かつて当連載(2018年9月12日)で<初球打ちの打率5割2分5厘。ホークスの新1番打者、牧原大成が超積極打法でヒットを重ねている>と当時の活躍を記している。
とにかく仕掛けの早さが特徴だった。シーズントータルで249打数79安打をマークした内訳を見ると、初球打ちが47打数22安打だった。打率.468の好成績を残した一方で、初球打ちは打数全体の18.9%を占めた。これを2球目以内まで広げると100打数になり、全体の40.2%まで跳ね上がった。
追い込まれる前に打ちにいく方が打者有利なのは当然だ。また、「狙い球を1球で仕留める」というスキルの高さでもある。
「もったいない選手」牧原は何が変わったのか?
だが、牧原大は以降のシーズンで苦しんだ。一昨年、昨年と2年続けて打率2割4分台と低迷した。相手だって研究をしてくる。初球や2球目は、敢えて「ボールになってもいい」と際どい球で勝負された。あの頃の牧原大はそのボールに飛びつき、カウントを悪くして不利な状況を自ら作ってしまっていた。

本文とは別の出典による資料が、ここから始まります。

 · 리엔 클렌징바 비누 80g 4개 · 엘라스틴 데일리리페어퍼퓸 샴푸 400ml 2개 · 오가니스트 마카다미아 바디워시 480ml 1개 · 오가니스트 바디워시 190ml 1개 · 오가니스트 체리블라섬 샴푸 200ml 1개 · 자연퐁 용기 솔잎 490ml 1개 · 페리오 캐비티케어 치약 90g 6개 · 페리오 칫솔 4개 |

「一昨年までは敵チームの一人として彼を見ていましたが、真っ直ぐならば160キロでも付いていくというイメージだった。カウント球でストレートは放るなと言っていたくらいでした。スイングスピードが速い。だけど、点で打つタイプだった。もったいない選手だなという印象でした。
それが去年の後半くらいからスイングのイメージを変えて、そこから幅が広がったように見えます。ボールの待ち方も変わった。変化球にも対応できるような、スイングに奥行きが出来るようになった。ミートの幅が広がることで選球眼も良くなったように感じます」
そのように説明したのはかつてイーグルスで監督も務め、現在はホークスの一軍打撃を担当する平石洋介コーチだった。
今年の牧原大は以前と違う。9月6日までの打撃内容を見ると、127打数42安打(打率.331)のうち、初球打ちは12打数5安打。1球で勝負をつけたのは全体の9.4%だ。2球目以内は38打数16安打で、こちらは全体の29.9%となっていた。
振り返れば、今年のホークスは「率にこだわる」がテーマだった。
「ウチの選手は四球が多いわけではない。四球の差が昨年ロッテに対して1つ勝ち越せなかったところ。やはり粘っこく。フォアボールでも塁に出る。粘っこい打撃をしてくれると、出塁率も変わってくる」(工藤公康監督)
首脳陣のニーズにもがっちりハマる1番打者がいれば、チームの戦いぶりはかなり安定するだろう。ただ、彼自身に慢心はない。
外せない男は「もう外れない」という気概を持って、終盤戦のキーマンとして躍動し続ける。